Имажинистский дендизм родился в годы революции и был ее полноправным детищем. Поэтому они культивировали принципиально новый, «троцкистский» дендизм. Они были денди времен военного коммунизма, разрухи и Гражданской войны. С самого начала внутри группы существовало жесткое распределение ролей. Так, теоретиком имажинистской индивидуалистически-анархистской и имморалистской неидейности был прежде всего Шершеневич, из-под пера которого в основном и вышла первая «Декларация…» 1919 года. Неслучайно здесь без труда обнаруживаются многие высказывания, известные по его работам доимажинистского периода. Наибольшую активность в цинической образно-поэтической акробатике — особенно в том, что касается попыток совместить несовместимое в метафорах, — проявил «единственный денди республики» Мариенгоф. По свидетельству последнего, эта характеристика восходит к надписи на «фотокарточках», подаренных ему Мейерхольдом. До сих пор она остается наиболее распространенным, и, пожалуй, самым точным, эпитетом применительно к Мариенгофу. Друг поэта, актер В.И. Качалов называл его «всероссийский денди».[64]
Теоретические основы имажинистского дендизма следует искать прежде всего в творчестве Шершеневича и Мариенгофа. Однако, если быть последовательными, надо говорить о трех разных имажинизмах,[65] поскольку индивидуализм участников этого движения отражается и в плоскости персональной трактовки его целей. Так, наиболее известный из поэтов группы Сергей Есенин не придерживался ни одной из имажинистских «догм», настаивая исключительно на своих собственных. Как и положено имажинисту, он был экспериментатором. Однако к его поэзии это относится лишь отчасти. Напротив, в жизни, в дендистском быту, Есенин предстает настоящим имажинистом.[66] По мнению Сергея Городецкого, имажинистский быт был нужен ему гораздо «больше, чем желтая кофта молодому Маяковскому», так как означал для Есенина выход из заданной роли «деревенского поэта», «из мужичка, из поддевки с гармошкой», т. е. превращался в личную революцию и новую свободу: «Здесь была своеобразная уайльдовщина. Этим своим цилиндром, своим озорством, своей ненавистью к деревенским кудрям Есенин поднимал себя над Клюевым и над всеми остальными поэтами деревни».[67]

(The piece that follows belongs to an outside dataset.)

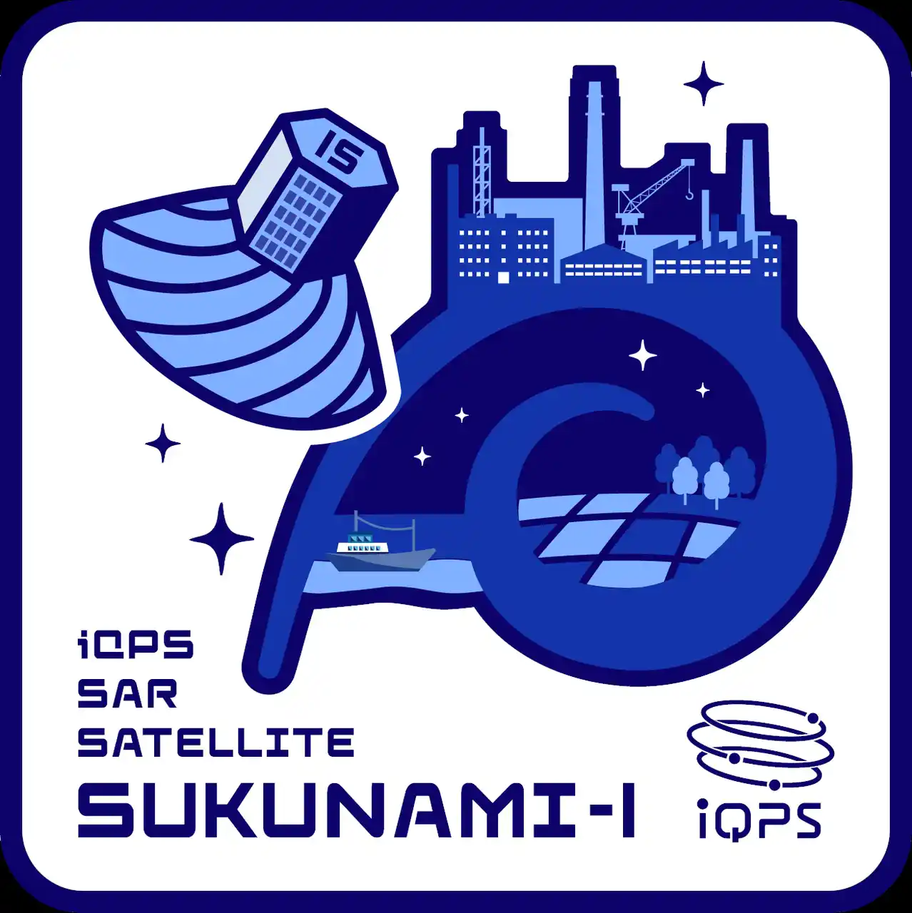 ミッションマーク:QPS研究所のカンパニーカラーであるブルーを基調とし、愛称のスクナミをイメージする「国造り」の中でも技術を表す漁業や農業、工業地帯を表しています。また、共に国造りを行ったことから、ヤチホコのミッションマークとリンクしたデザインになっています。クシナダやヤチホコと同じく、傾斜軌道では経済活動が活発な大型都市圏が観測域に多く入ることになります。また、一目でどの衛星のマークか分かるように通算した衛星の数の数字を衛星の底部に入れています。 |
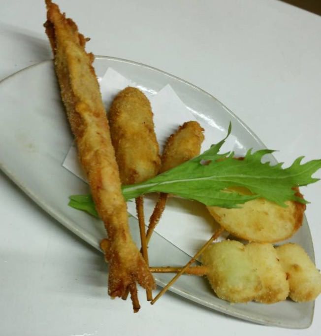 是將各種食材配料串成一串,然後裹上麵衣油炸、材料豐盛的料理。

Для Есенина искусство неотделимо от быта. По свидетельству Мариенгофа, он «не умел писать и не писал без жизненной подкладки»[68] и потому критиковал их с Шершеневичем за проповедь искусства ради искусства, вне быта. В своей программной статье «Быт и искусство» (1920) Есенин ссылается на описание скифов Геродотом и проводит аналогию с музыкой,[69] а затем обращается к проблематике слова: «…нет слова беспредметного и бестелесного, и оно так же неотъемлемо от бытия, как и все многорукое и многоглазое хозяйство искусства. <…> Оно попутчик быта».[70] Для него имажинистский быт неотделим от имажинистской поэзии. Классификация образов нуждается в классификации одежды и типов поведения. Что касается имажинистского дендизма в быту, главными фигурами здесь оказываются, безусловно, Есенин и Мариенгоф. Этот быт наиболее ярко и детально описывает Мариенгоф в первой части своей автобиографической «Бессмертной трилогии», озаглавленной «Роман без вранья», и возвращается к этой теме во второй части «Мой век, моя молодость, мои друзья и подруги»: «Когда-то, как я упоминал, мы жили с Есениным вместе и писали за одним столом. Паровое отопление тогда не работало. Мы спали под одним одеялом, чтобы согреться. Года четыре кряду нас никогда не видели порознь. У нас были одни деньги: его — мои, мои — его. Проще говоря, и те и другие — наши. Стихи мы выпускали под одной обложкой и посвящали их друг другу».[71] Взгляд на совместную жизнь пары Мариенгоф—Есенин в «Романе без вранья», естественно, «мариенгофоцентричен», хотя подобная субъективность предписывается уже самим жанром автобиографического повествования.[72] Стоит, однако, отметить, что, по словам Городецкого, Мариенгоф действительно был учителем Есенина по части дендизма: «Когда я, не понимая его дружбы с Мариенгофом, спросил его о причине ее, он ответил: „Как ты не понимаешь, что мне нужна тень“. Но на самом деле он был тенью денди Мариенгофа, он копировал его и очень легко усвоил еще до европейской поездки всю несложную премудрость внешнего дендизма».[73]